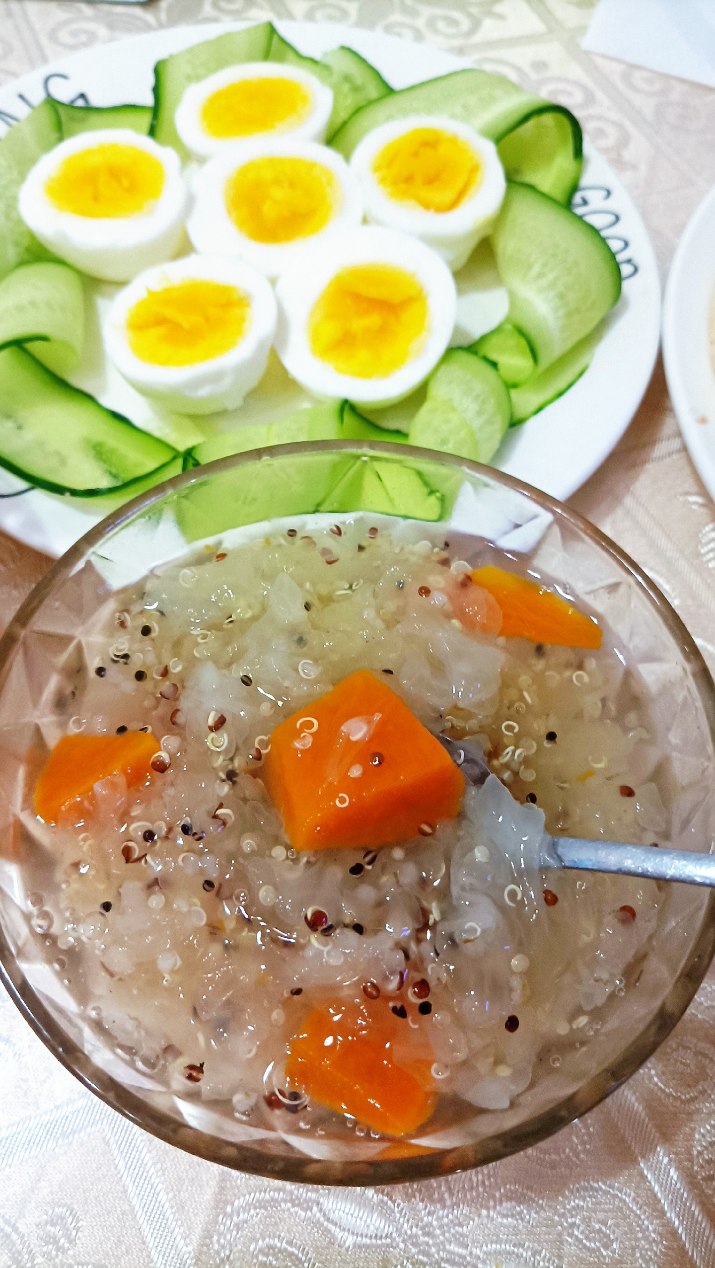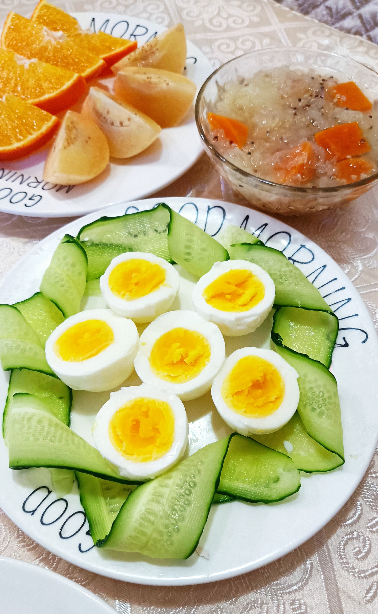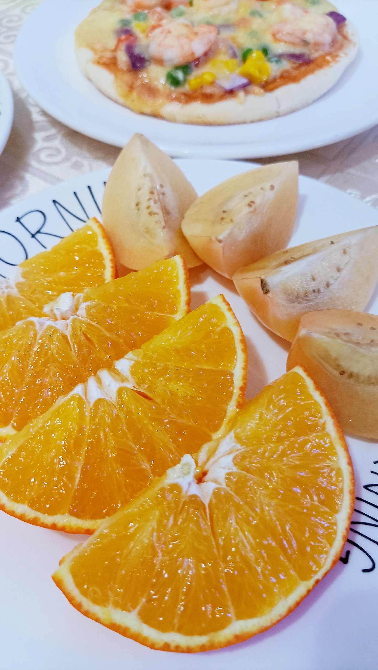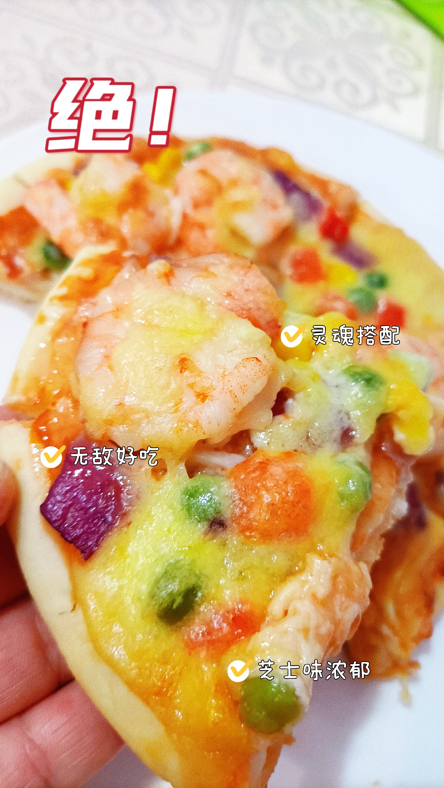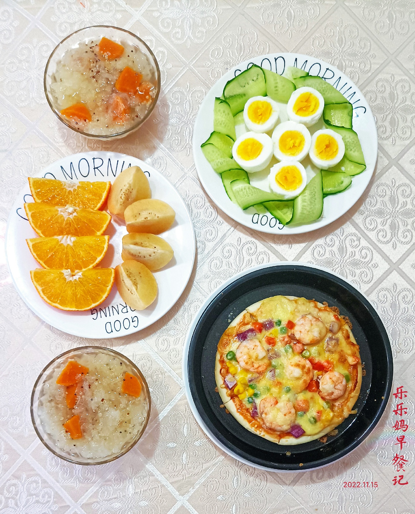 妈妈食堂今日早餐:彩蔬大虾披萨,藜麦红薯鲜耳羹,水煮蛋,爱媛🍊人参果。昨天披萨饼和芝士碎到货,今早给大乐乐安排上[嘿哈]太满足了,说以后就在家吃披萨,还说接下来她要双拼的,水果的,培根的[捂脸]只要健康营养的麻麻通通安排[偷笑]
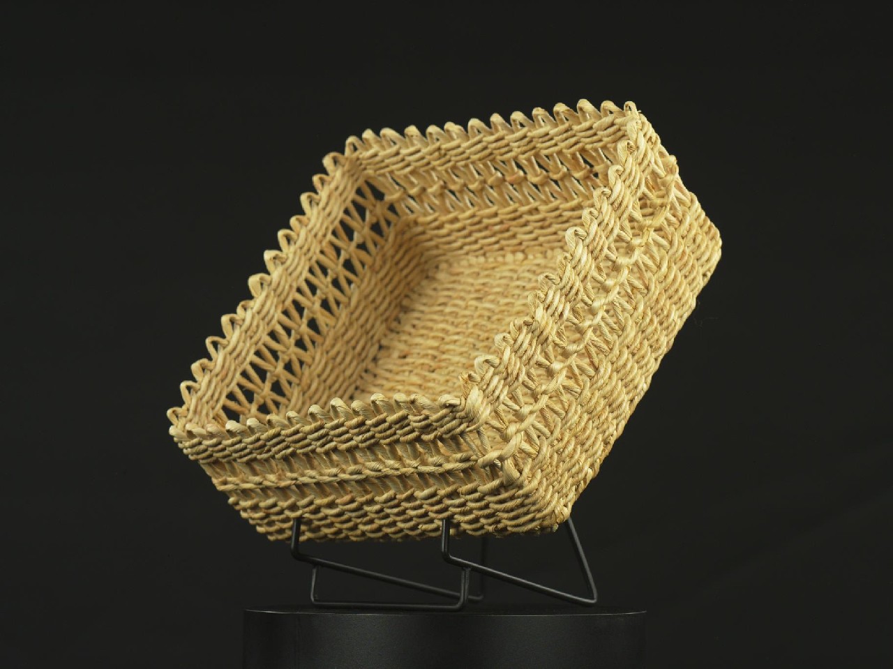 The basket is woven from thin strips of wicker, square-shaped with decorative weaving.
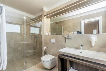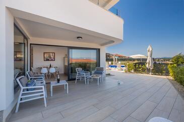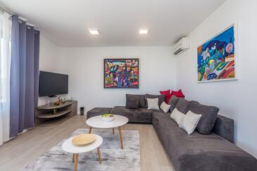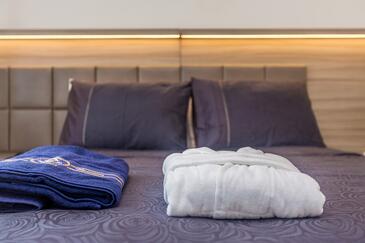 Ferienwohnung bietet Platz für 6 Gäste. Die Betten sind in Schlafzimmern, die es 2 gibt, und in Wohnzimmer, innerhalb einer Gesamtfläche von 75m2, angeordnet. Die Gäste haben eine eigene Terrasse zur Verfügung, auf der sie in warmen Sommernächten genießen können. Es ist erlaubt, Speisen auf dem Gemeinschafts-Grill vorzubereiten. Während ihres Aufenthalts können Gäste das gemeinsam zur Nutzung stehende Schwimmbad benutzen. In der gebuchten Unterkunftseinheit zahlt man am Ort ein Depositum ( der Preis ist an der Internetseite angeführt ).

ACTIVITY. Where the material above includes pictures, omit them and retype everything else exactly.

OUTPUT BELOW.
 妈妈食堂今日早餐:彩蔬大虾披萨,藜麦红薯鲜耳羹,水煮蛋,爱媛🍊人参果。昨天披萨饼和芝士碎到货,今早给大乐乐安排上[嘿哈]太满足了,说以后就在家吃披萨,还说接下来她要双拼的,水果的,培根的[捂脸]只要健康营养的麻麻通通安排[偷笑]
 The basket is woven from thin strips of wicker, square-shaped with decorative weaving.
 Ferienwohnung bietet Platz für 6 Gäste. Die Betten sind in Schlafzimmern, die es 2 gibt, und in Wohnzimmer, innerhalb einer Gesamtfläche von 75m2, angeordnet. Die Gäste haben eine eigene Terrasse zur Verfügung, auf der sie in warmen Sommernächten genießen können. Es ist erlaubt, Speisen auf dem Gemeinschafts-Grill vorzubereiten. Während ihres Aufenthalts können Gäste das gemeinsam zur Nutzung stehende Schwimmbad benutzen. In der gebuchten Unterkunftseinheit zahlt man am Ort ein Depositum ( der Preis ist an der Internetseite angeführt ).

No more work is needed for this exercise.